The Miles Davis Quintet

Live In Europe 1969: The Bootleg Series Vol. 2 3-CD + DVD (Columbia/Legacy, www.legacyrecordings.com, www.milesdavis.com)

By Martin Z. Kasdan

First, the players: Wayne Shorter (soprano and tenor sax), Chick Corea (electric and occasional acoustic piano), Dave Holland (bass) and Jack DeJohnette (drums); sometimes referred to as the "lost" quintet, due to the unavailability of recordings by this lineup. There are three CDs and one DVD, and to say that these recordings represent a transitional period in Miles Davis' work would be an understatement. Three of the four concerts begin with the virtually freeform Zawinul composition, "Directions," but then launch into three different pieces from the then-unreleased (and not even recorded for the first two dates) Bitches Brew. From the Bitches Brew material, Miles nudges the players into songs ranging from such "ancient" material as "Milestones" (on 7/25/69) and "I Fall in Love Too Easily" (on 7/26/69) to "Paraphernalia" (on 11/5/69)to "It's About that Time" (on 11/7/69). That he could move seemingly effortlessly from new material to old to new, from several different eras of his career, seems almost magical. Indeed, as was the norm for Miles in this era, there are no stage announcements (other than introductions), and no pauses between songs, as Miles points his musicians toward the next piece with musical cues and, as evident on the DVD, with visual cues as well.

Discs 1 and 2 are from Antibes, July 25-26, 1969. On the 25th, "Directions" is fast and furious, leading to a "Miles Runs the Voodoo Down," with DeJohnette's frenzied drumming pushing the band. "Milestones" is next, with Corea's soloing ranging from straightahead to avant-garde. After Shorter's "Footprints," Monk's "'Round Midnight" takes the ensemble and audience back to 1956 in song selection, but not performance style, as it builds in tempo and intensity to workouts by Shorter and Corea, before Miles' trumpet cuts through clear and clean, and leads the band into the then-recent "It's About that Time," Shorter's soprano solo turning serpentine. Trumpet and tenor intertwine on a fairly brief "Sanctuary," before the concert ends with a 53-second "The Theme." The following night, only a few songs are repeated. This time, "Directions" achieves frantic liftoff, which Miles modulates into "Spanish Key" and then into a version of "I Fall in Love Too Easily" that sounds more spooky than balladic. All of a sudden, Miles turns the corner into a raging version of Shorter's "Masqualero," then reprising "Voodoo," Shorter's soprano soaring, Corea and Holland engaging in a freeform duet, with Miles ultimately reining it in and moving into a swinging "No Blues." Shorter's "Nefertiti" and "Sanctuary" follow, before an almost perfunctory "The Theme" closes it out.

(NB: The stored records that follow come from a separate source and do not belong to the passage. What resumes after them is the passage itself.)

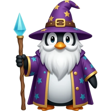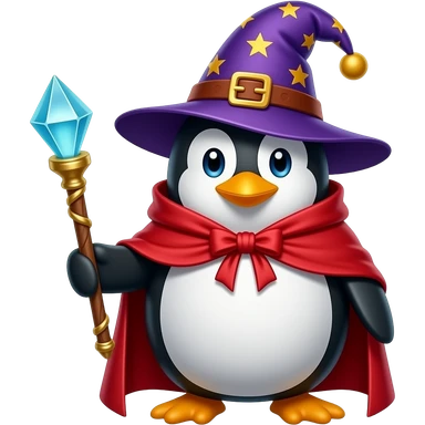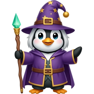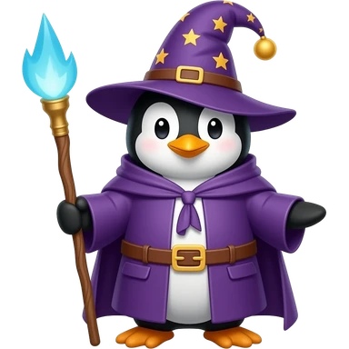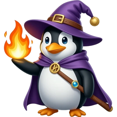 penguin fire wizard, fire elements red eyes, staff with firey red gem, black and red outfit emoji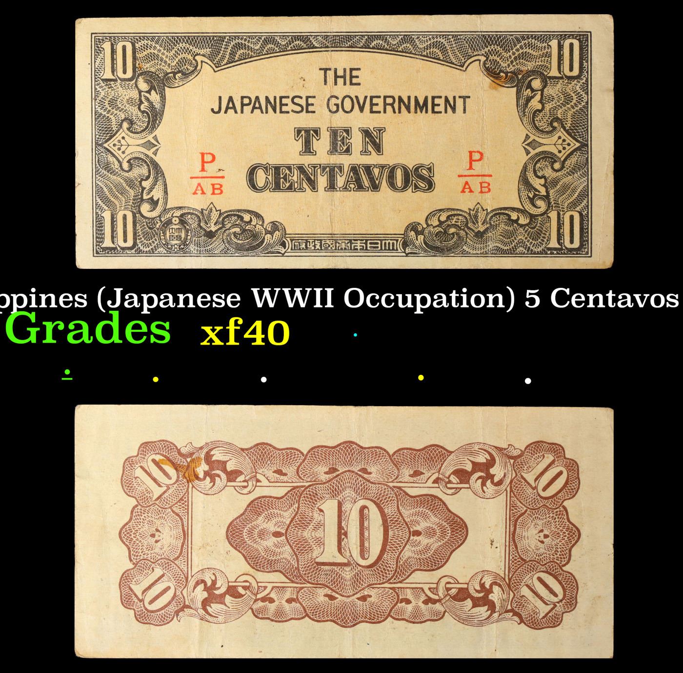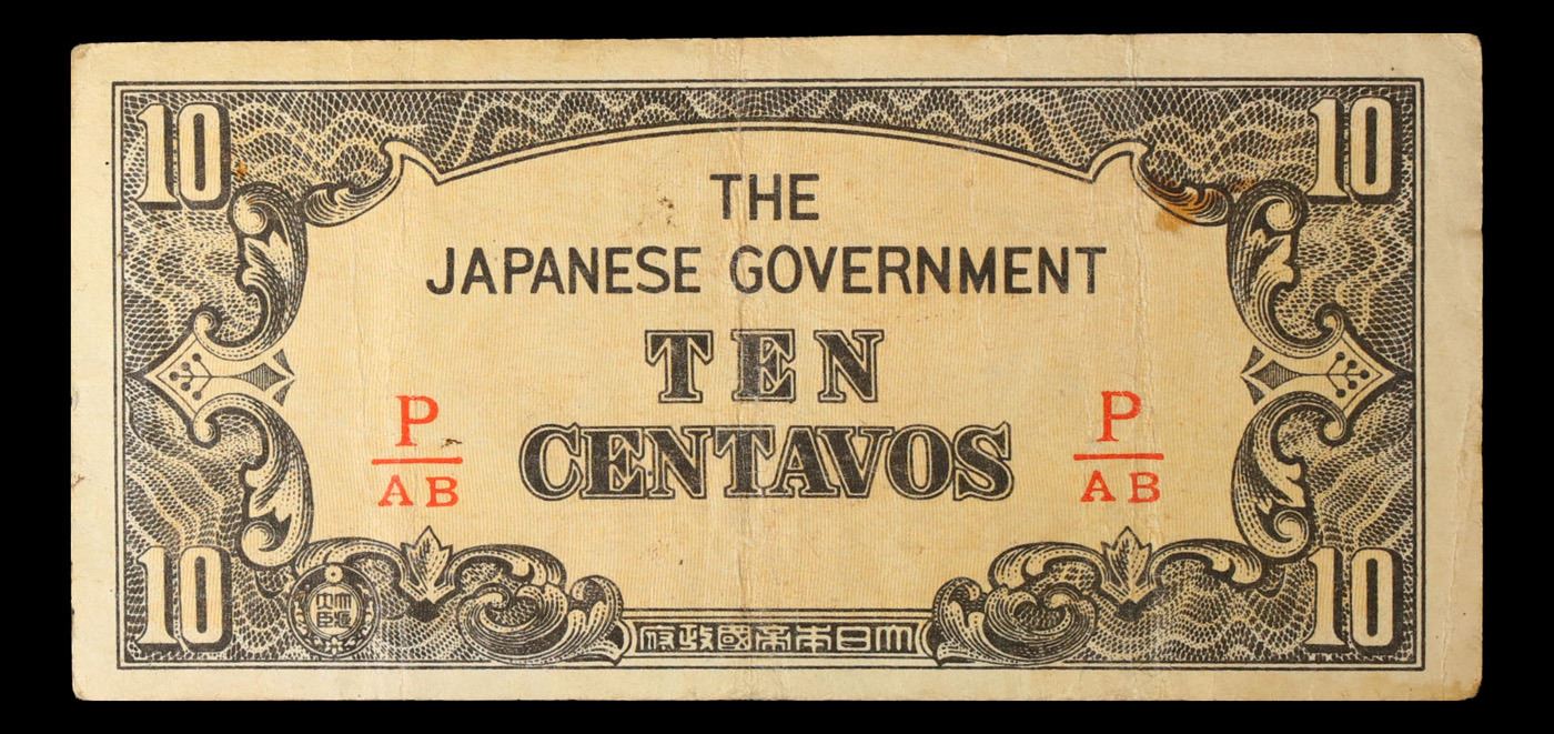 1942 Philippines (Japanese WWII Occupation) 5 Centavos Note P#?104 Grades xf. Japanese invasion money, officially known as Southern Development Bank Notes (Japanese: ??????? Dai T?-A Sens? gunpy?, "Greater East Asia War military scrip"), was currency issued by the Japanese Military Authority as a replacement for local currency after the conquest of colonies and other states in World War II. Japan printed this currency for many countries, including Malaysia, Singapore, North Borneo, Sarawak, Burma, Brunei, and several Oceania territories controlled by Australia. Some Japanese invasion notes are actually counterfeits produced by the American Office of Strategic Services or the British Special Operations Executive, meant to flood and destabilize the economy in the occupied areas, sometimes also including propaganda printed on the notes themselves.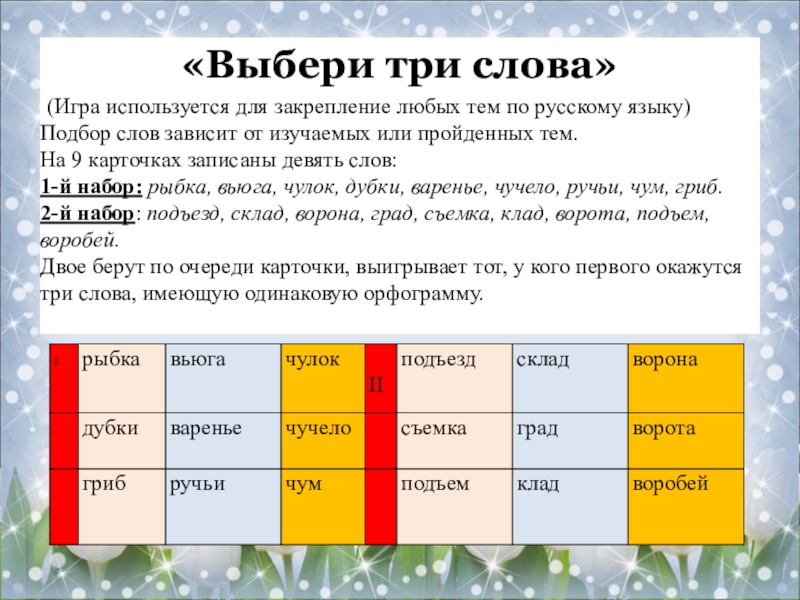 Слайд 12«Выбери три слова»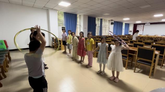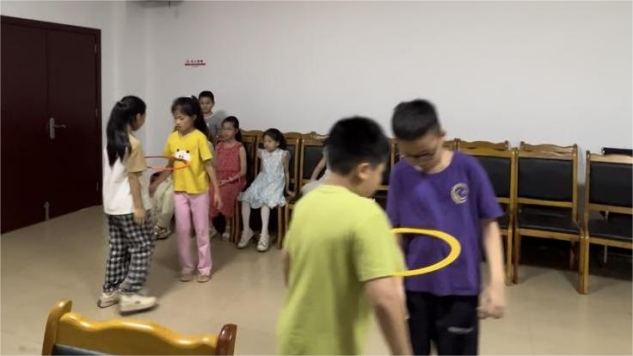 7月12日,志愿者们决定通过几个小游戏来继续深化小朋友们对团队合作的理解。游戏名为“呼啦圈接力赛”,小朋友们将两两组队,运用智慧与力量,将呼啦圈从起点安全地运送到终点。这个过程中,他们需要充分发挥创意,找到最佳的运输方式,同时也要紧密配合,确保呼啦圈在运输过程中不掉落。小朋友们在游戏中更加深刻地理解到,只有团结一致、共同努力,才能克服一切困难,取得最终的胜利。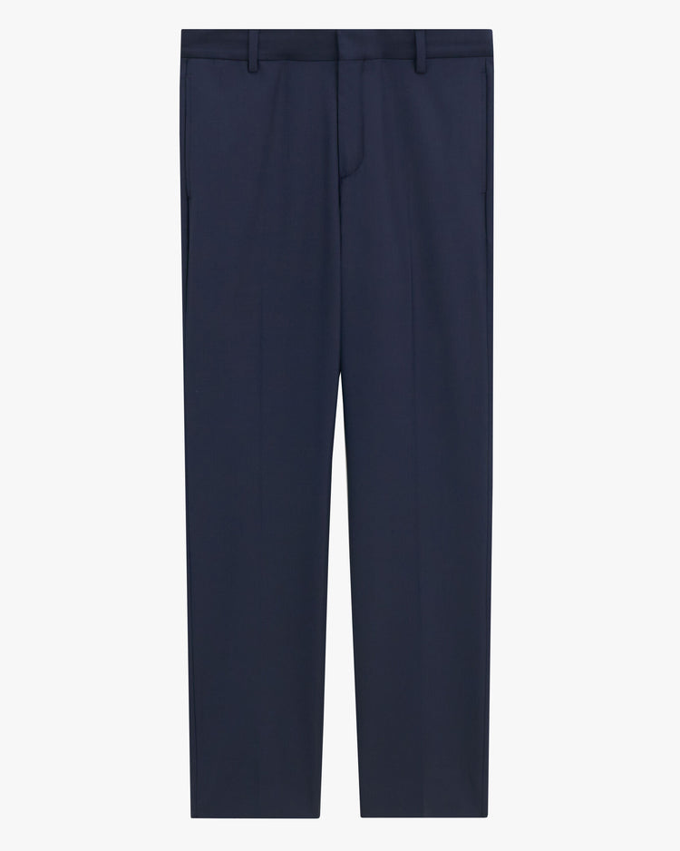 Slim fit tailored trouser, cut from a mid-weight wool blend suiting. Featuring a mid rise, full length tapered leg, tailored waistband with beltloops, zip fly, hook & eye closure, side slant pockets, back welt pocket, and pressed creases. Pair with the matching Slim fit wool blazer.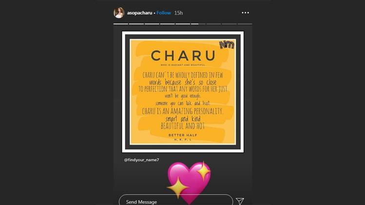चारू ने एक फोटो शेयर की है, जिसमें उनके नाम के आधार पर उनकी पर्सनालिटी के बारे में बताया गया है. इसमें लिखा है कि चारू को कुछ शब्दों में बयां नहीं किया जा सकता क्योंकि वो लगभग परफेक्ट हैं. लोग उनसे बात कर सकते हैं और उनपर भरोसा भी कर सकते हैं. चारू एक बेहतरीन पर्सनालिटी है, जो स्मार्ट है, दयालु है, सुंदर है और हॉट भी है. इसके आगे बेटर हाफ लिखा हुआ है.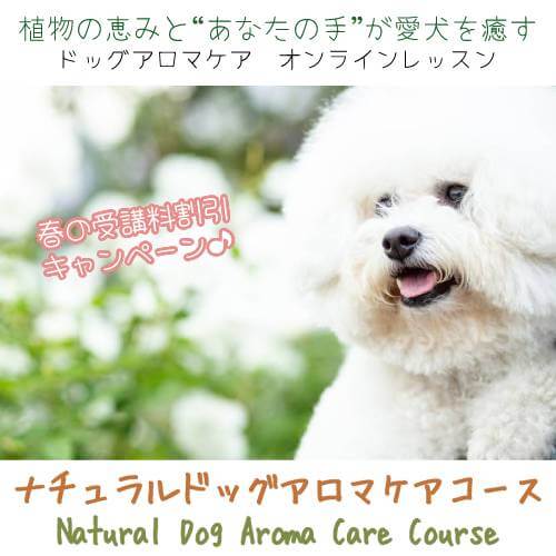 「ナチュラルドッグアロマケアコース」にて、春の受講料割引キャンペーンを開始します。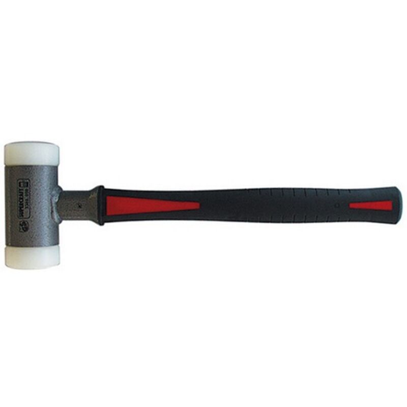 Robusto fulcro centrale in acciaio con inserti intercambiabili in nylon di grande qualità resistente all'usura. Antirimbalzo grazie alle sferette in acciaio all'interno del corpo. Manico tricomponente infrangibile e antiscivolo con anima in fibra di vetro. Uso: Per la spianatura o l'applicazione di pezzi sui banchi macchina e per colpi morbidi nei lavori di montaggio. Ricambi: Per il tassello di ricambio in nylon vedi n. art. 754910. Dati tecnici Antirimbalzo sì Impugnatura Esecuzione ergonomica Tipo di prodotto Martello Materiale manico Manico in fibra di vetro Serie SUPERCRAFT® Lunghezza complessiva, mm 375 Materiale inserto Nylon bianco, duro ⌀ Testa della mazza, mm 50 Lunghezza testa con tasselli, mm 120 Denominazione originale prodotto SUPERCRAFT Peso, kg 1,04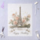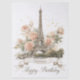 Uma design elegante e romântica com cartão de saudação, com uma bela ilustração em estilo aquarela da Torre Eiffel. O icônico marco parisiense é rodeado por rosas de cor-de-rosa suave, pastel e creme, acentuados com delicadas manchas de ouro. Personalize com seu próprio texto o banner de fita na tela inferior.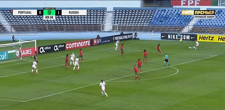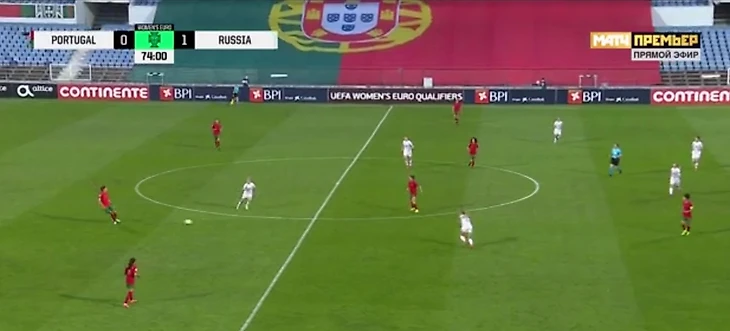 В первой половине Португалия показала себя довольно организованной командой. По крайней мере, по части обороны. За 39 минут сборная России нанесла только один удар по чужим воротам (навес Алсу Абдуллиной нашел в штрафной Надю Смирнову). В остальном - как в пустыне. И не последнюю роль здесь играет опыт и сыгранность португалок. У вратаря Патрисии Мораиш (28 лет) - почти 60 матчей за сборную. У двух центральных защитниц, Кароле Кошты и Сильвии Ребелу (30 лет и 31 год), а также правой защитницы Аны Боргеш (ей 30) - свыше 100 игр за сборную. Мораиш и Боргеш вместе играют за "Спортинг", центральные защитницы Кошта и Ребелу - за лиссабонскую "Бенфику". ВСЯ эта четверка(!) была основной и четыре года назад на ЕВРО-2017.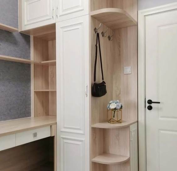 如果衣柜面积不大,没空间留开放区的话,也可以在衣柜侧边装挂钩,临时换下的一两件外套,也可以挂在这里。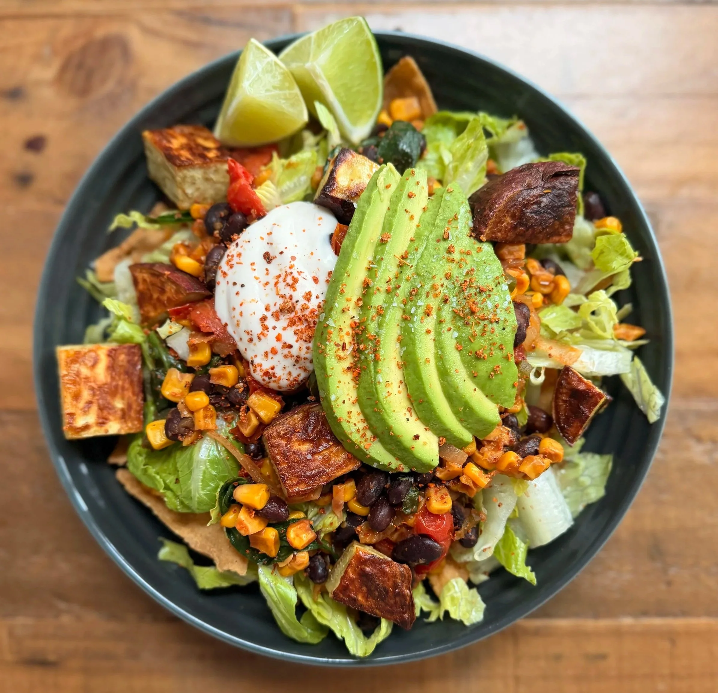 There are nights when you want something deeply comforting—but still fresh, colorful, and layered with real flavor. This Mexican-inspired Buddha bowl came together in exactly that spirit: a little indulgent, a little nourishing, and completely satisfying. It starts with a base of warm tortilla chips and melty vegan cheese (because joy matters), then builds into something brighter with crisp romaine, a smoky sauté of corn, black beans, and spices, and caramelized Japanese sweet potatoes for a subtle sweetness that ties everything together.
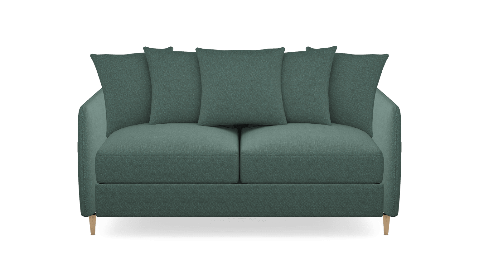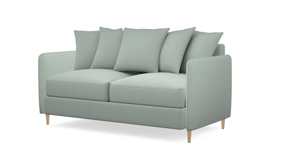 J’ai opté pour des accoudoirs fins, j’aime beaucoup le résultat visuellement et je voulais que l’ensemble reste léger puisque le canapé se trouve au milieu de la pièce. Pour les pieds, j’ai choisi les pieds en hêtre clair Ficelle, pour s’accorder aux autres tonalités de bois déjà présentes dans le séjour.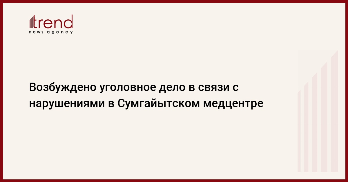 БАКУ /Trend/ - Возбуждено уголовное дело в связи с нарушениями в Сумгайытском медицинском центре.

Following the summer European engagements, an expanded version of the band recorded the groundbreaking Bitches Brew. The quintet came back to Europe in the fall, and two sets from November comprise the final CD and the DVD. On November 5, in Stockholm, Corea is heard primarily on acoustic piano, lending a different flavor to the music. This night's version of "Nefertiti" recalls the "free bop" of the Hancock-Carter-Williams era which preceded this "lost quintet." In Berlin, a slightly tamer "Directions" begins, moving into "Bitches Brew" with trumpet and sax giving way to a free keys and bass conversation. A particularly intense "It's About that Time" gives new insight into this piece, originally found on In a Silent Way. This time, it moves into a lovely version of "I Fall in Love Too Easily" featuring just piano and trumpet; this in turn subtly transitions into "Sanctuary" before a 10-second "The Theme" closes the concert and the collection. The visual aspects of this performance enhance the listener's ability to watch as the leader, sometimes with only the slightest of movements, lets his band know where to head next. It also shows how each of these musicians was able to interact with one another, as well as with Miles. There are extensive liner notes by Josef Woodard which further enhance the appreciation of this remarkable set of concerts.